China and Hong Kong signed a Closer Economic Partnership Arrangement (CEPA) on June 30 last year. They also signed six annexes to the CEPA on Sept. 29, finalizing the CEPA's framework and details. The agreement went into effect on Jan. 1.
The CEPA carries extraordinary significance under the current highly divergent realities of the cross-strait political situation and economic development.
From the perspective of industry, not only should they think about how to seek survival space and a niche in the new cross-strait trade and economic situation, but the ruling and opposition parties, intoxicated as they are with the election race, should also propose policy visions for the major, ongoing cross-strait trade and economic issues.
The CEPA covers three major areas: trade in goods, trade in services and trade and investment facilitation.
In the manufacturing industry, Hong Kong primarily produces labor-intensive products such as time pieces, toys, garments and hardware -- vastly different from Taiwan's emphasis on electrical devices, mechanical appliances and optical instruments.

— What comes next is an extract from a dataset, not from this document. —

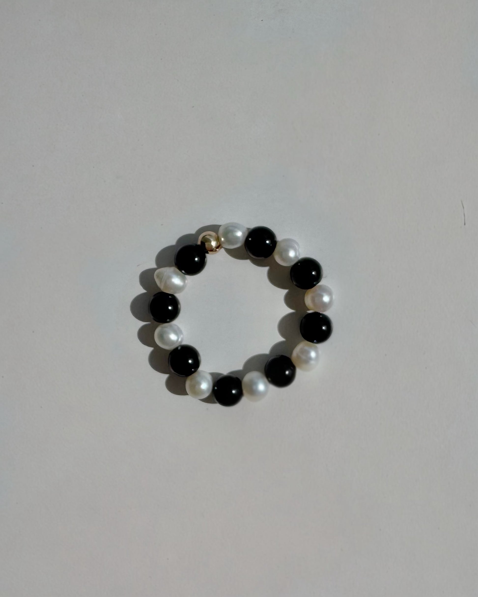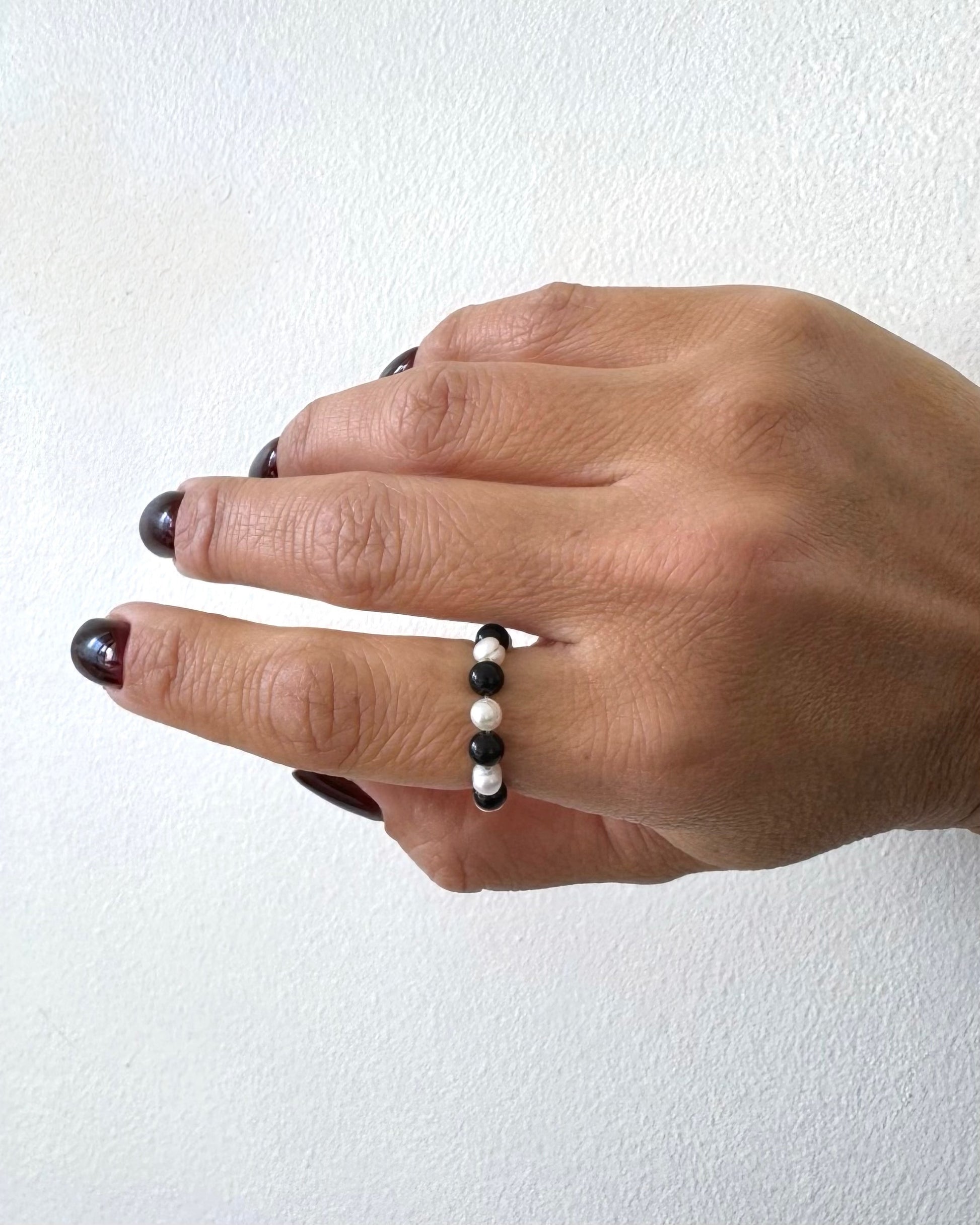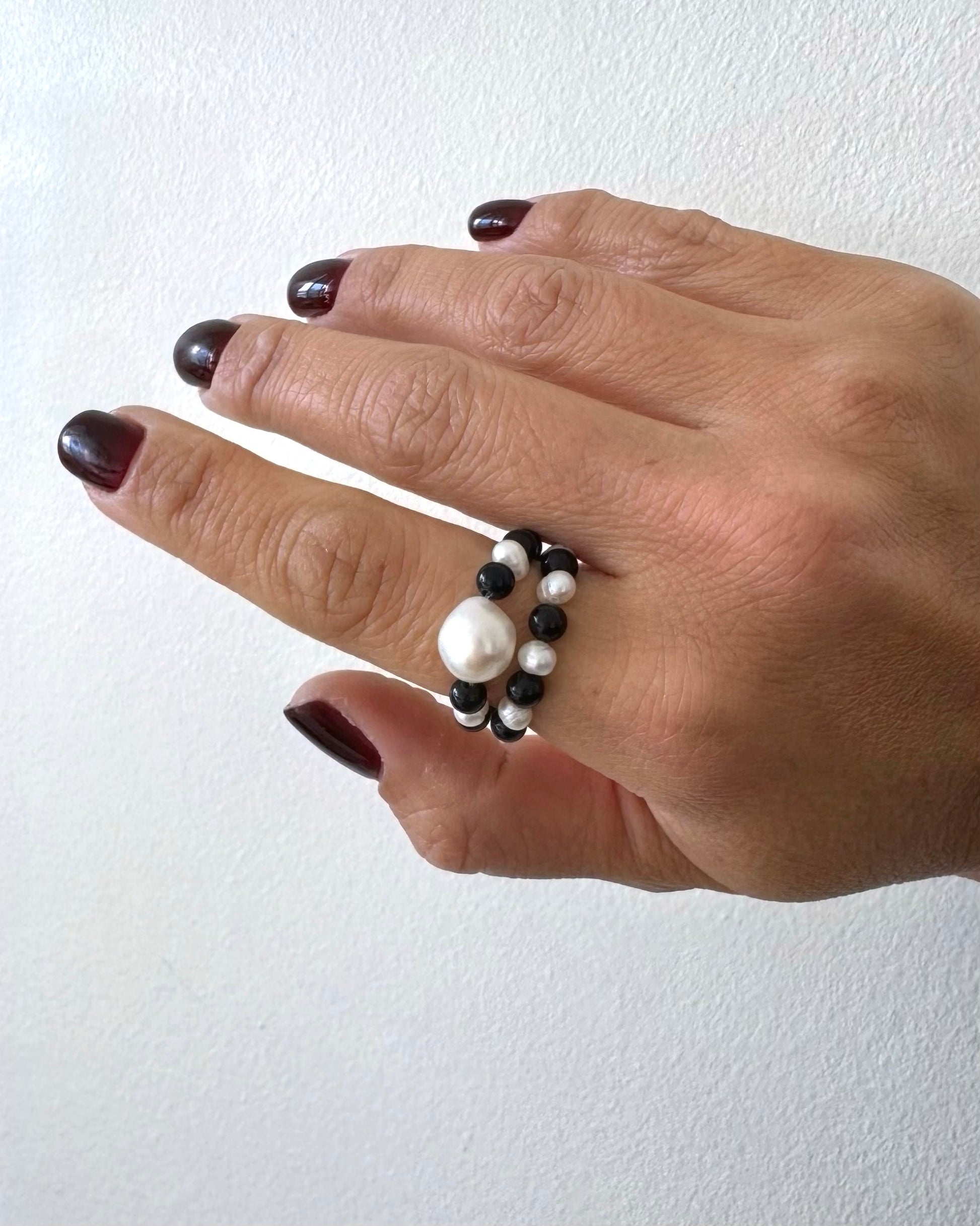 Each piece is uniquely handmade with semi-round pearls and little round and smooth black onyx — a little bold, a little dreamy, and full of charm.
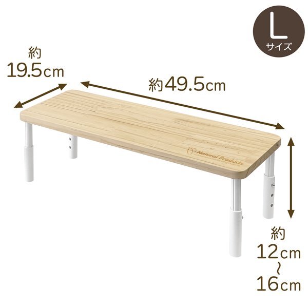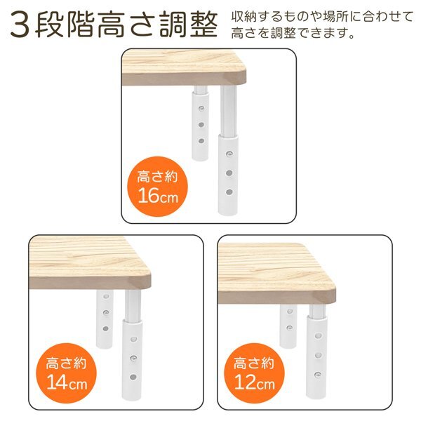 空間を有効活用できる収納ラックです。 丈夫で使いやすく、インテリアに馴染みやすいデザインです。 ■ 組み立てカンタン 天板に4本の脚を取り付けるだけ! ■ 高さ3段階調節 収納するものや場所に合わせて高さを調整できます。 12cm/14cm/16cmが選べます。 ■ 耐荷重 約5kg ■ 脚に滑り止めつき ■ 本や文房具、コスメ、調味料の収納などに |

The impact is therefore small. Even in industries that overlap with Hong Kong's prime types of industry, Taiwanese businesses have long developed many products inside China and that development is maturing. These products will not be affected as the CEPA takes effect.
Manufacturing accounts for only around 5 percent of Hong Kong's economy. The service industry makes up the mainstay, accounting for 90 percent of GDP. In the "Trade in Services" section of the CEPA, China is opening up more than 60 service industries to Hong Kong businesses this year.
According to the agreement on China's WTO entry, these industries will not be fully opened up [to the rest of the world] until four or five years later. These relaxations cover controls on investment access and stock ownership arrangements. Obviously, the CEPA will add wings to Hong Kong's service industry as it goes into effect by allowing Hong Kong businesses to enter the China market two or three years earlier than the rest of the world.
The main battlefield, therefore, is in the service industry.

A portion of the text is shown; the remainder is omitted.